··· SUPPLIED INFORMATION ···

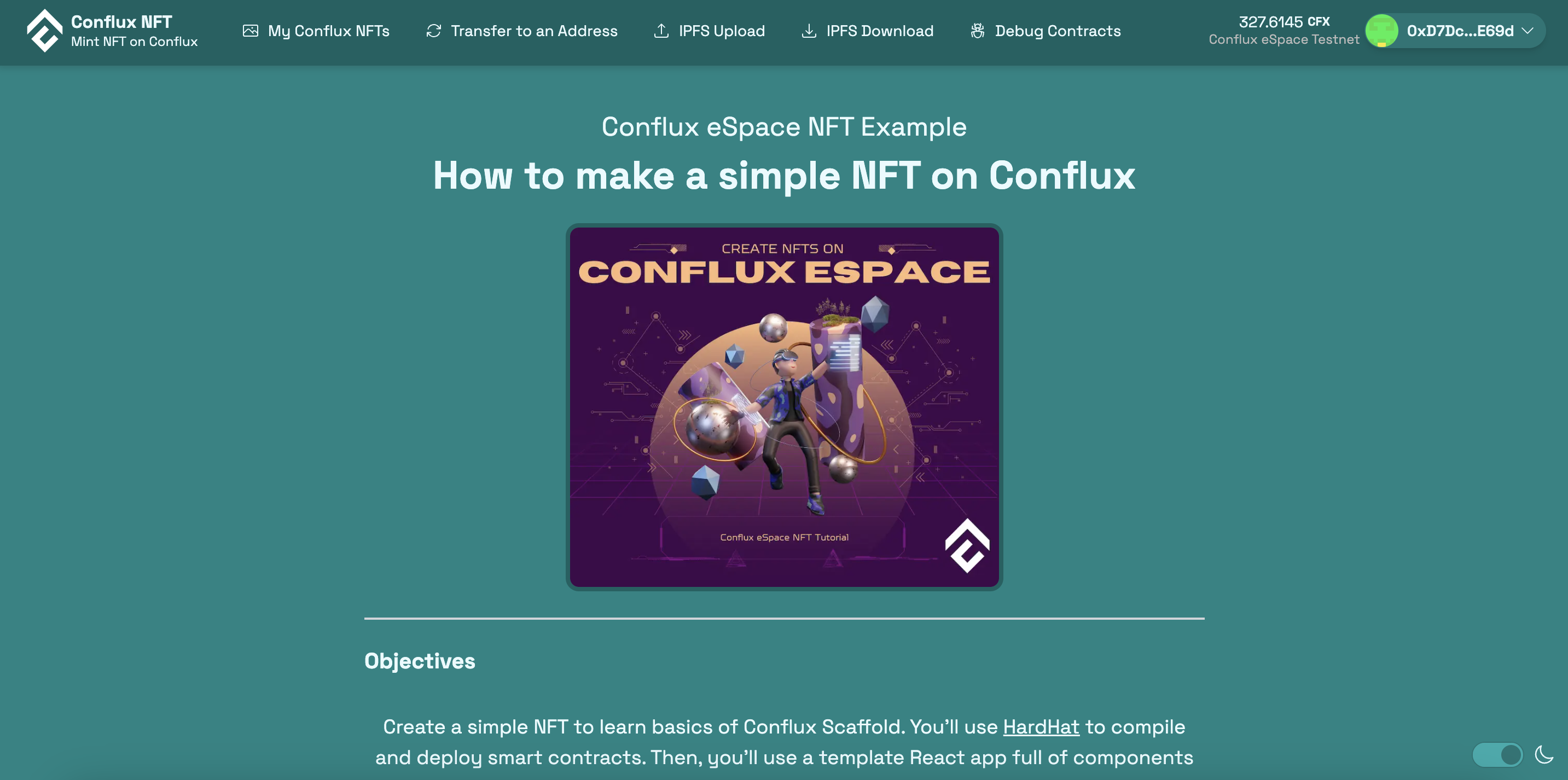 In this tutorial, we go more in-depth of how the solidity contract is used and interact with the ERC721 contract to mint NFTs on Conflux eSpace that can be transfered to other wallets.
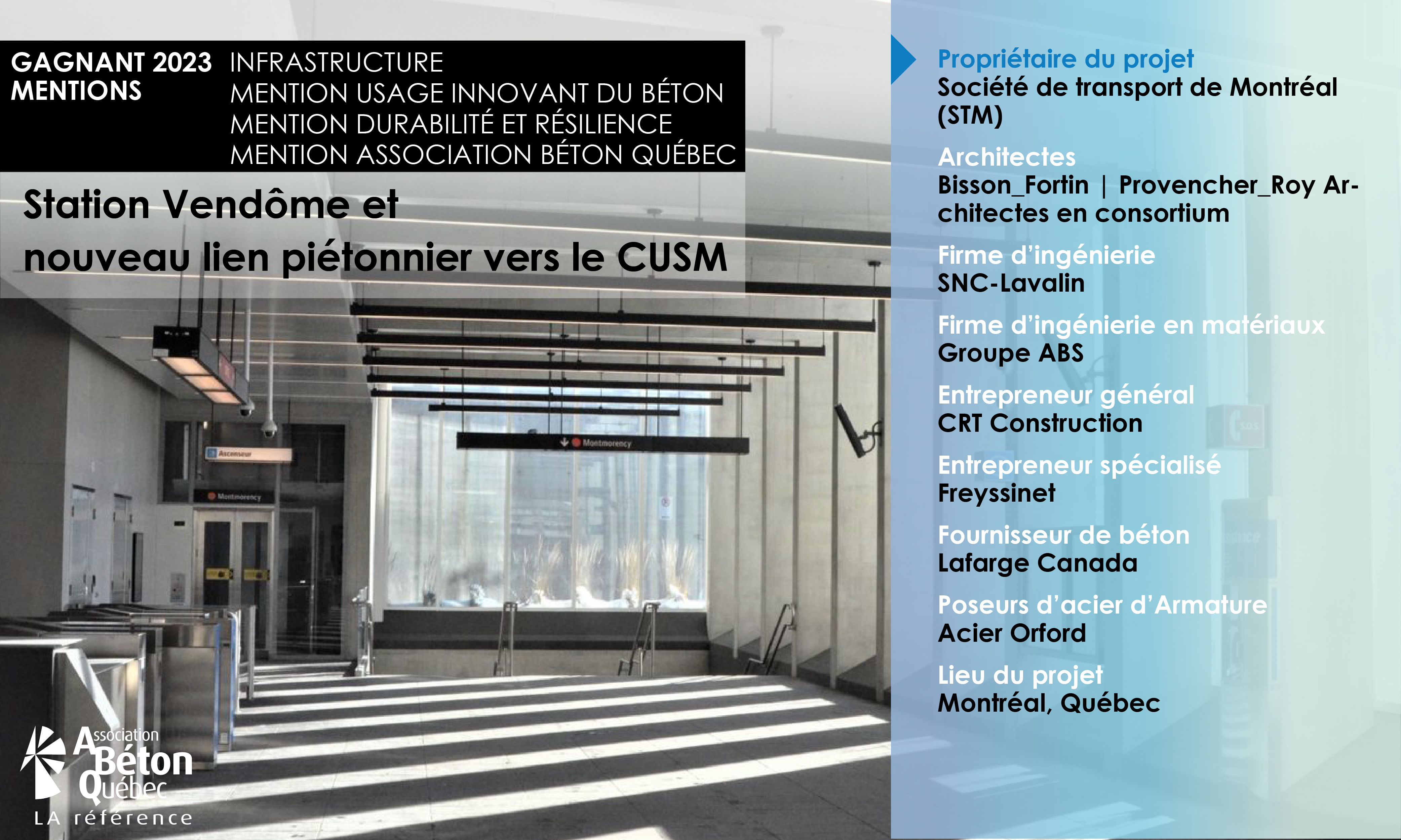 Le projet comprend les particularités suivantes : Un tunnel poussé en place et un tunnel préfabriqué pour minimiser l'interruption de service des trains de banlieue EXO (plus de 100 passages de train par jour) pour la construction du lien piétonnier sous les voies ferrées existantes. Un mur antichoc de 900 mm d'épaisseur, à environ 5 mètres au-dessus du sol pour résister à une charge d'impact de déraillement de train (2700kN), en vue de la projection d'une future 4e voie ferrée.
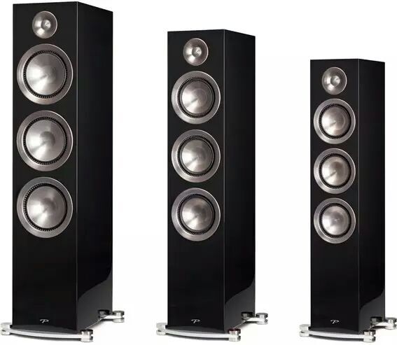 Prestige“威望”95F座地式扬声器高音部分采用1英寸Perforated Phase-Aligning(PPA)穿孔相位对齐技术的X-PAL“高音镜”球顶高音,并通过Finite Element Analysis(FEA)相位校正组装。高音单元下方中音单元为8英寸X-PAL磨砂纯铝音盆单元,并采用Paradigm专利的ART主动凸纹技术折环和Shock-Mount隔离安装系统。接着下方低音单元均为2个同样8英寸的单元。95F的频率响应为37Hz-20kHz,中高音间的分频点为2.0kHz、中低音间的分频点为400Hz,95F灵敏度为94dB,阻抗为8欧姆,最大输入功率为240W。

···

## TASK STATEMENT:
Print out the material verbatim, skipping pictures.

## RESPONSE BOX:
 In this tutorial, we go more in-depth of how the solidity contract is used and interact with the ERC721 contract to mint NFTs on Conflux eSpace that can be transfered to other wallets.
 Le projet comprend les particularités suivantes : Un tunnel poussé en place et un tunnel préfabriqué pour minimiser l'interruption de service des trains de banlieue EXO (plus de 100 passages de train par jour) pour la construction du lien piétonnier sous les voies ferrées existantes. Un mur antichoc de 900 mm d'épaisseur, à environ 5 mètres au-dessus du sol pour résister à une charge d'impact de déraillement de train (2700kN), en vue de la projection d'une future 4e voie ferrée.
 Prestige“威望”95F座地式扬声器高音部分采用1英寸Perforated Phase-Aligning(PPA)穿孔相位对齐技术的X-PAL“高音镜”球顶高音,并通过Finite Element Analysis(FEA)相位校正组装。高音单元下方中音单元为8英寸X-PAL磨砂纯铝音盆单元,并采用Paradigm专利的ART主动凸纹技术折环和Shock-Mount隔离安装系统。接着下方低音单元均为2个同样8英寸的单元。95F的频率响应为37Hz-20kHz,中高音间的分频点为2.0kHz、中低音间的分频点为400Hz,95F灵敏度为94dB,阻抗为8欧姆,最大输入功率为240W。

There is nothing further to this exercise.